Sandstorm inclines her head, but doesn't interrupt.

"You're a lot of things, Sandstorm- and not all of them at once. I remember how you were when I arrived, when I thought you had the personality of a pricklebush-" Sandstorm opens her mouth to object but a look from Fireheart quiets her. "But your anger never felt rash. It felt clearly judged, like you were choosing it over something else- that you were choosing me to be angry at." He shakes his head. "I don't hold it against you. I hope you know that."

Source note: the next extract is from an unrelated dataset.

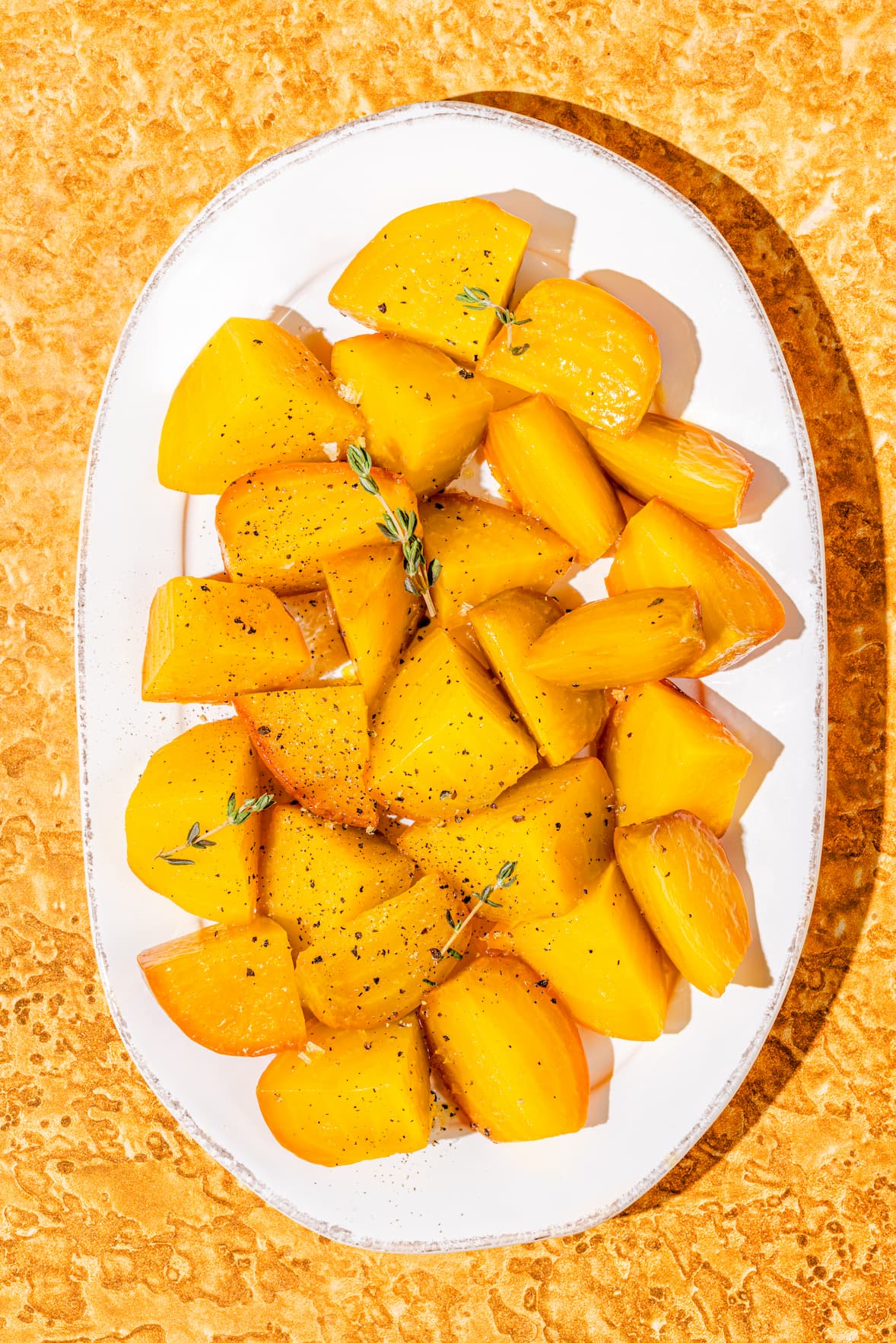 Les betteraves jaunes rôties au four sont un accompagnement coloré et délicieux mettant en valeur la douceur naturelle et la texture tendre de ce légume. En fait, lors de la cuisson, les betteraves jaunes rôties développent une saveur légèrement sucrée avec de douces notes terreuses. Évidemment, la cuisson permet aussi d’attendrir le légume.

She doesn't trust herself to respond. "You're too smart for your own good, too rational about the world to figure out what your place is in it when things are chaos. You care about right and wrong- and you'll beat yourself up about it until you get it perfect, even if things never are. You can be uptight, and sarcastic, and absolute in your judgement." Fireheart pauses to take a breath. He doesn't meet Sandstorm's eyes- she couldn't bear it if he did. "But you're a light in the dark when you let yourself go, and in the end you turn your sharp tongue to prodding people in the right direction- and when you're sure of the right thing, Starclan help the cat that stands in your path."

A heat crawls up Sandstorms fur, uncomfortable pricking as his eyes linger on her. "And," he says.

"I think I've heard enough-"

"And I think you're brilliant. I think you're bold. And I think you care- about me, about the clan, about everything- more than you want to."

Sandstorm stands abruptly, as if she can shake off the weight of his gaze. "I think you're reading too far into things," she meows.

"Oh?"

"I'm not- I'm just a warrior." She draws her shoulders higher. "I'm not...anything like that. I'm just a warrior," she repeats.

Fireheart shrugs. "Then maybe I'm not as good at reading character as I want to believe. But," he says softly. "I do think you're something more." He touches her shoulder with his tail and goes, winding off towards the medicine cat's den.

Sandstorm's pelt feels raw, somehow, like her fur has fallen out and any moment the clan will turn and realize what she's lost.

The cat Fireheart described was not her- that cat was too much. Brilliant, he had called her, and that was the least of it.

Sandstorm wolfs down the last few bites of her bird and walks towards the warriors' den. It is only after several minutes and many rough licks to her pelt that it will lie down flat again. The things that cat said- Fireheart, she realizes, is paying more attention than Sandstorm had ever thought. Maybe more than she's comfortable with.

No one should spend so much time puzzling her, let alone Fireheart, whom she has only just started to think of as a friend. No one should pick out the edges where things don't quite fit and mining through until the true ore of the her is out, iron jutting into the wind. And that's the other problem of it- she is, in the end, too much of iron to be the golden warrior of Fireheart's words. She is too hard, too rusted. She is not so foolish as to think of herself as kind.

Maybe one day.

Fireheart is good- she realizes. In a way that she isn't. He is too smart to really see her as gold- but he is smart, and good enough to speak to the side of Sandstorm that wants.

When she closes her eyes, she hears his voice. A light in the dark.

Someone has seen her and told her that she is good- someone has seen her and told her that they believe she can be better. And it is Fireheart, of all cats. The apprentice in her yowls at the idea but a firmer, fuller voice tamps down her caterwauling heart. A light in the dark, she thinks. That's what I will be.

And when she is, Fireheart will see it.